Wheat for May delivery rose 2½¢ to $4.86¾ a bushel overnight on the Chicago Board of Trade, while Kansas City futures gained 3¢ to $5.15 a bushel.
Corn futures added 2¢ to $3.92 a bushel overnight.
Soybean futures for May delivery rose 4¼¢ to $10.38¼ a bushel. Soy meal added $2.60 to $378.90 a short ton, and soy oil fell 0.01¢ to 31.26¢ a pound.
2. Foreign Investment by Chinese Companies Doesn’t Mean Demise of U.S. Dominance, USDA Says
Chinese companies have made significant investments in foreign agricultural ventures in recent years, but profitability and sustainability have been fleeting, according to a report from the USDA’s Economic Research Service.
China, for a while, was a big investor in foreign land. Companies would often snap up land in other countries to expand their agriculture holdings in a bid to profit from the expanding need for food security back home, the report said. More recently, however, companies have been looking toward mergers and acquisitions to expand.

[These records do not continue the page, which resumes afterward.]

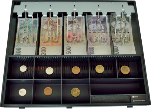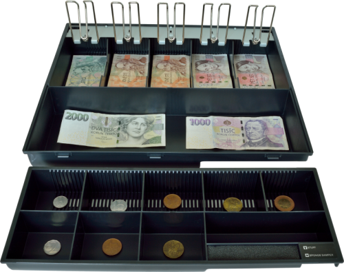 Dostatečně široký pořadač pro pohodlné umístění 5 druhů bankovek vedle sebe. Obsahuje vyjímatelný mincovník a pořadač bankovek s libovolně nastavitelnými přihrádkami. Pořadač disponuje kovovými držáky bankovek a je možné jej doplnit o uzamykatelný kryt EPP12050.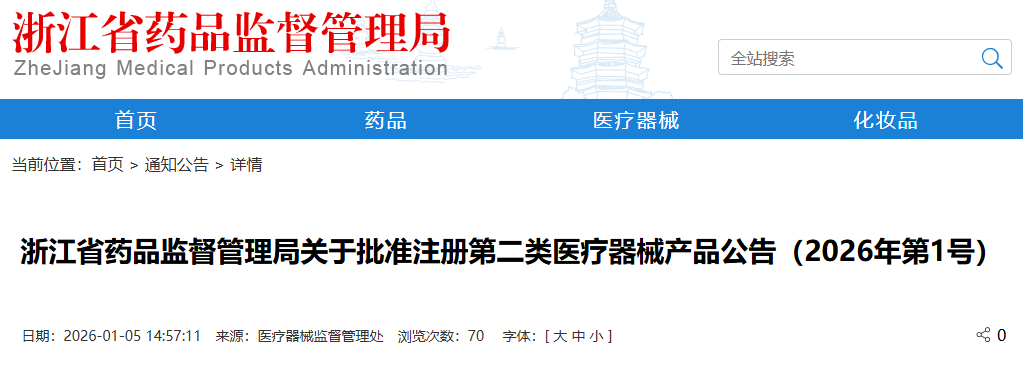 浙江省25年12月份共批准注册第二类医疗器械产品99个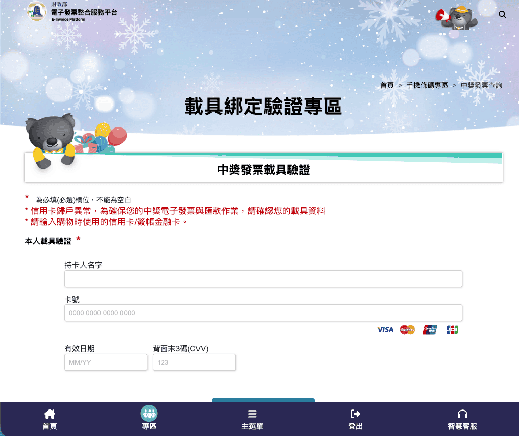 實際打開網傳連結測試,網站要求輸入手機號碼及驗證碼。查核記者虛構數字輸入,卻仍能成功進入「載具綁定驗證專區」,並不合理。該頁面隨後顯示因信用卡歸戶異常,並要求輸入信用卡持卡人姓名、卡號、有效期限及驗證碼。
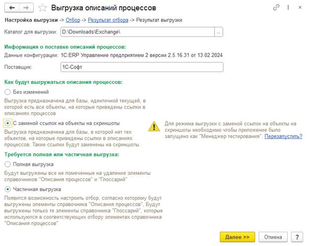 Для выполнения выгрузки С заменой ссылок на объекты на скриншоты необходимо запустить информационную базу в режиме "Менеджер тестирования". Для запуска в этом режиме можно воспользоваться ссылкой Перезапустить в подсказке.

State-owned COFCO, for example, has been looking to gain more control over commodity trading, processing, and logistics. Bright Foods, another state-owned entity, wants to assemble various companies and park them under its umbrella.

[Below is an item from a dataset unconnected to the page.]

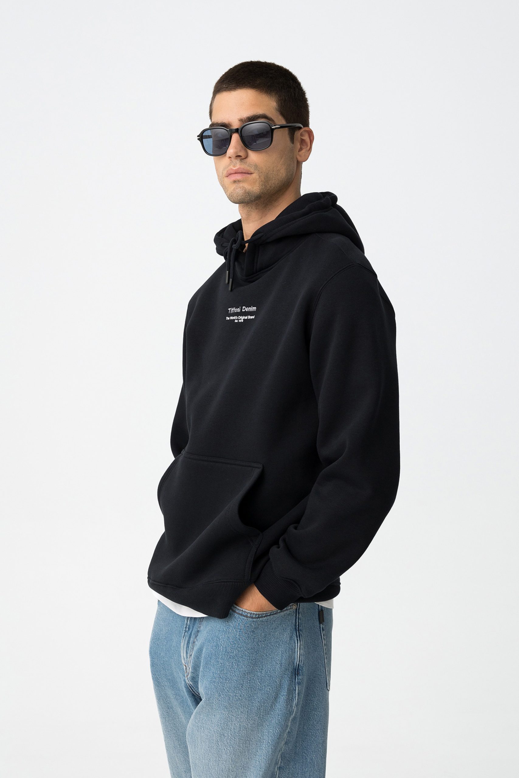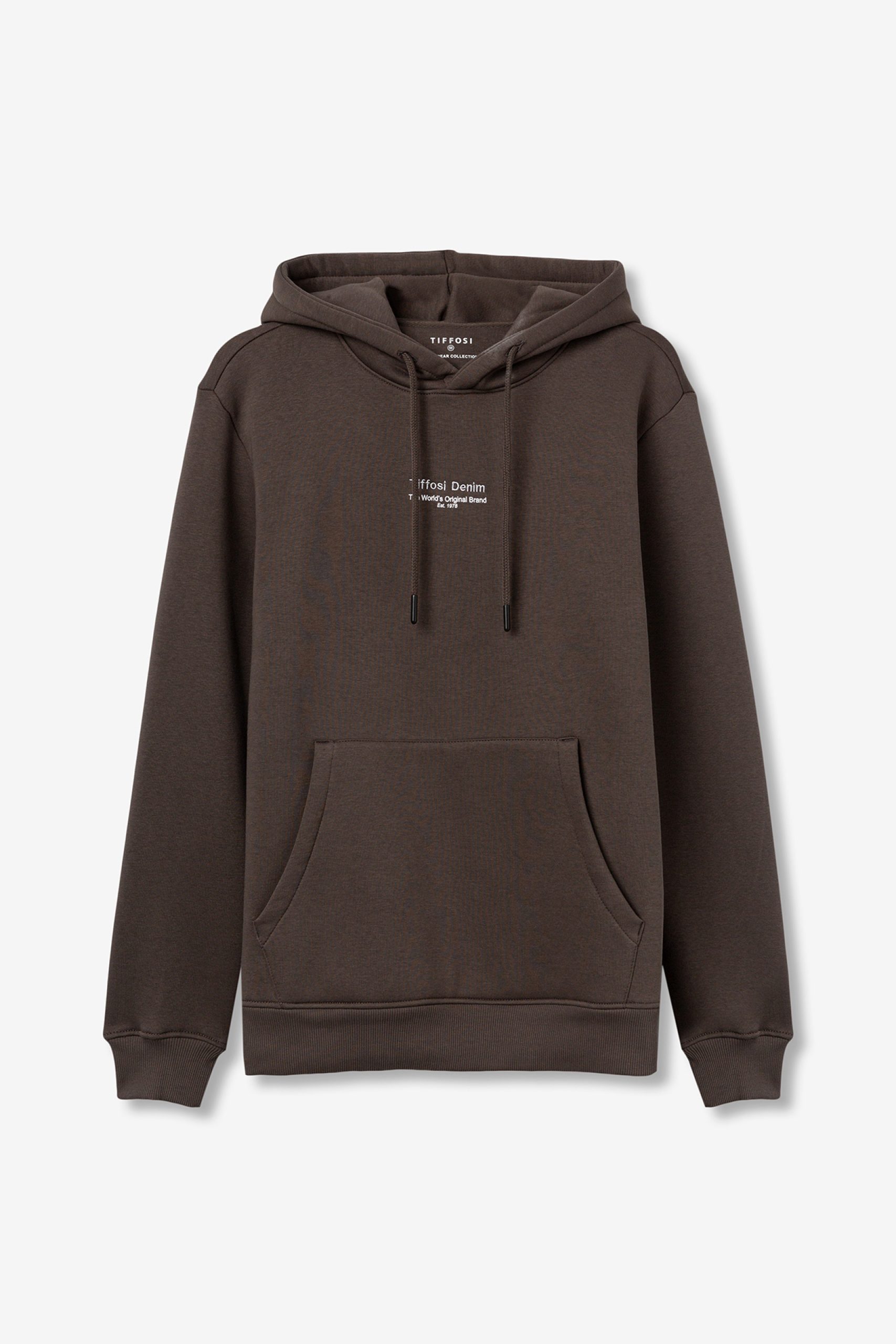 Bolso canguru frontal e pormenor de costura no peito.

WH Group, which is privately owned, acquired Smithfield Foods, the world’s largest pork processor, and New Hope Group, China’s largest animal feed company, has diversified from feed mills in neighboring countries to joint ventures with Australian and New Zealand firms, the USDA said.

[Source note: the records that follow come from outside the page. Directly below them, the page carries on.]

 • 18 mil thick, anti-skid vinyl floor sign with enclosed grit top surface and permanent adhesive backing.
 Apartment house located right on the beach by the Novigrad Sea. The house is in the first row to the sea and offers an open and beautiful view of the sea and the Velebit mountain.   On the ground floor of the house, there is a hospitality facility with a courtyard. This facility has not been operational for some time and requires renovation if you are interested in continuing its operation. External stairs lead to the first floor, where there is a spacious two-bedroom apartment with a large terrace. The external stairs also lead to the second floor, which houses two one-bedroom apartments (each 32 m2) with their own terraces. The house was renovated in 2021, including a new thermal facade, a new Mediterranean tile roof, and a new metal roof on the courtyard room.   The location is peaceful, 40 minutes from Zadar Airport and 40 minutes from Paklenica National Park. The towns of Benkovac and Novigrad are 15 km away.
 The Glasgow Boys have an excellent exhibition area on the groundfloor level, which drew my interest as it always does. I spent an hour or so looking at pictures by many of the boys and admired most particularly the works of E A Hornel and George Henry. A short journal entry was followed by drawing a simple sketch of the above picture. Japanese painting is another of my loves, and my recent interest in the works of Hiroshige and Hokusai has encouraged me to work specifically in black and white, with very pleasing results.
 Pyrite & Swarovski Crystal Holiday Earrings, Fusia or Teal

Such initiatives are encouraged by the government, as banks formulated strategic plans, offered loans, and supplied training and information services to help companies expand overseas. Chinese companies, however, may not be moving where you think.
“Apart from the large 2013 acquisition of Smithfield Foods, relatively little Chinese investment has targeted U.S. agriculture,” the USDA said. “Statistics for 2014 show that North America received only 2% of China’s farming, forestry, and fishing investment, the smallest share of any continent.”
Only two or three Chinese investments are made annually in the U.S. food and agriculture, most valued at less than $10 million, the report said. Statistics that track farmland holdings in the U.S. show only 12 to 25 Chinese acquisitions annually from 2008 to 2013.
Still, the amount of investment and the profitability of many ventures are overstated, the ERS said. A number of studies found the scale of many Chinese agricultural projects falls short of what was originally planned. Few projects were profitable and relatively few investors brought products back into China as planned, according to the report.
Inexperience in global markets, the lack of language skills, corruption, and political instability were all cited as factors.
While Chinese investments overseas may curb the U.S. share of the Chinese market for some agricultural products, it’s unlikely overseas investment by companies from the Asian nation will be enough to fully supplant America as the go-to provider of most goods, the ERS said.
“The United States’ abundant endowment of productive farmland, leadership in agricultural technology, efficient management and marketing, and skilled and experienced managers are all advantages that may help it retain its role as China’s leading supplier of agricultural imports, regardless of where Chinese companies choose to invest,” the USDA said in the report.
3. Corn Belt Weather Maps Mostly Dry Rest of Week, Flooding Continues in Upper Midwest
Weather maps are showing mostly dry weather in the Midwest again today, which will further improve chances that planting has gained steam this week.
Forecasts are calling for some dense fog in parts of Illinois and Indiana, and some precipitation is in the cards for parts of central Nebraska starting next week. For now, the Corn Belt looks mostly dry, according to the National Weather Service.
Corn planting was only 5% finished as of Sunday, well behind the prior five-year pace of 14% for this time of year, according to the USDA. No corn had been reported planted in Iowa in a week when 11% is average.
Flooding continues in parts of South Dakota, Iowa, and Minnesota this morning, as several rivers and tributaries overrun their banks amid melting snow. Rivers near Brookings, Mitchell, and Sioux Falls (in South Dakota), as well as Spencer and Storm Lake (in Iowa) were all running at high levels. Waterways in Marshall, Windom, and Pipestone (in Minnesota) were also higher than normal, according to the NWS.